Highlights & Insights

  1. Clarity of problem decomposition: The MRAG problem is cleanly decomposed into three dimensions—when, what, and how—each addressed by a targeted solution.
  2. Self-evaluation as a substitute for GPT-4 annotation is a practical and economical approach: directly using the target model to evaluate the effectiveness of different strategies eliminates the need for expensive external annotators.
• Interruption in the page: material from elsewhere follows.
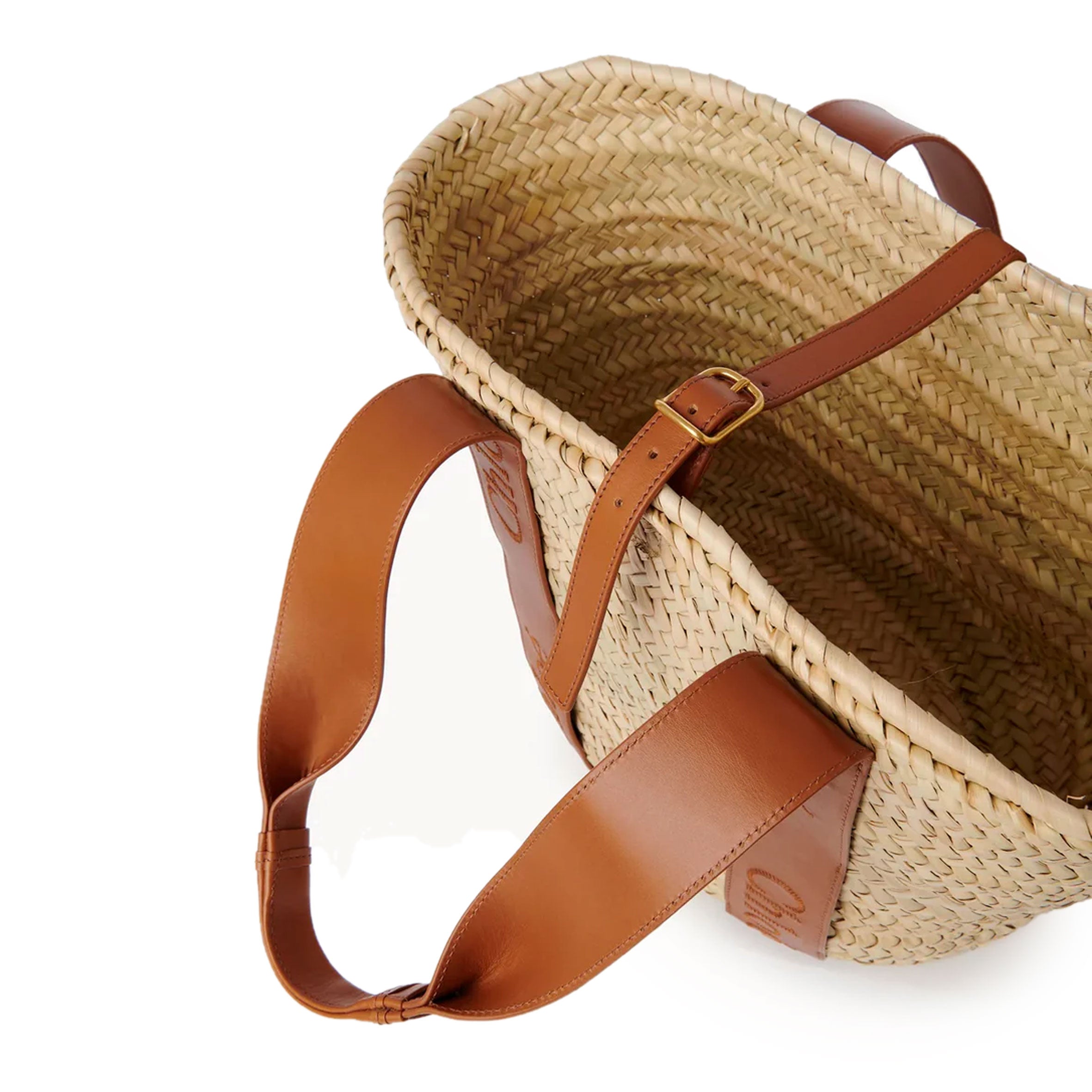 Encapsulating a carefree summer attitude, this Chloé Sense small basket is a compact accessory crafted from handbraided raffia. Smooth calfskin strips and comfortable handles add luxurious contrast, while the Chloé logo embroidery lends a signature finish. A leather link closure secures the open top.
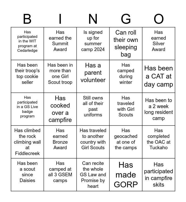 This bingo card has a free space and 24 words: Has earned Bronze Award, Has camped at all 3 GSEM camps, Has a parent volunteer, Has been a scout since Daisies, Has earned Silver Award, Has participated in the WIT program at Cedarledge, Has been their troop's top cookie seller, Has earned the Summit Award, Has traveled with Girl Scouts, Has traveled to another country with Girl Scouts, Has camped during winter, Has participated in a GS Live badge program, Has geocached at one of the camps, Has completed the OAC at Tuckaho, Has been in more than one Girl Scout troop, Has made GORP, Has been to a 2 week long resident camp, Is signed up for summer camp 2024, Has been a CAT at day camp, Has cooked over a campfire, Has participated in campfire skits, Has climbed the rock climbing wall at Fiddlecreek, Can roll their own sleeping bag and Can recite the whole GS Law and Promise by heart.

Data construction is 2× faster than SURf.
  3. "Learn from failure" training philosophy: DANCE selects the model's weakest modality for training—analogous to curriculum learning but in the opposite direction (hard-first), and experiments confirm this counterintuitive strategy yields the best results.
  4. Extremely lightweight design of Windsock: Using Flan-T5-Small as the backbone, Windsock achieves significant efficiency and performance gains with only a 1.83% increase in inference overhead.

Limitations & Future Work

  • Currently supports only text and image modalities; other modalities such as tables are not yet supported.
  • DANCE fine-tuning leads to performance degradation on the general MLLM benchmark (MME); the balance between specialization and generalization warrants further exploration.
  • Windsock uses a text-only backbone (Flan-T5) and does not leverage visual information potentially present in the query.
  • The quality of self-evaluation training data depends on the quality of both the base MLLM's responses and the retriever's results.
  • The three-way classification (NA/Visual/Textual) may be too coarse-grained; hybrid retrieval across modalities is not supported.
  • Inspiration from Self-RAG: Self-RAG uses special tokens to decide whether to retrieve; Windsock extends this idea to the multimodal setting and adds a modality selection dimension.
  • Comparison with SURf: SURf enhances the model's ability to select and utilize information through instruction fine-tuning, but relies on image similarity for hard sample mining. DANCE uses downstream metrics for direct evaluation, which is more efficient and better aligned with the task.
  • Implications for MRAG system design: Future MRAG systems should treat "whether to retrieve" and "what to retrieve" as learnable decisions rather than fixed strategies.

Rating

  • Novelty: ⭐⭐⭐⭐ The when+what+how three-dimensional decomposition and self-evaluation data construction approach are novel and practically valuable.
  • Experimental Thoroughness: ⭐⭐⭐⭐ Two datasets (WebQA and MultimodalQA), multiple baselines, and comprehensive ablation analyses.
  • Writing Quality: ⭐⭐⭐⭐ Clear structure, thorough experimental analysis, and rich visualizations.
  • Value: ⭐⭐⭐⭐ Provides direct guidance for real-world deployment of MRAG systems; the self-evaluation pipeline is ready to use out of the box.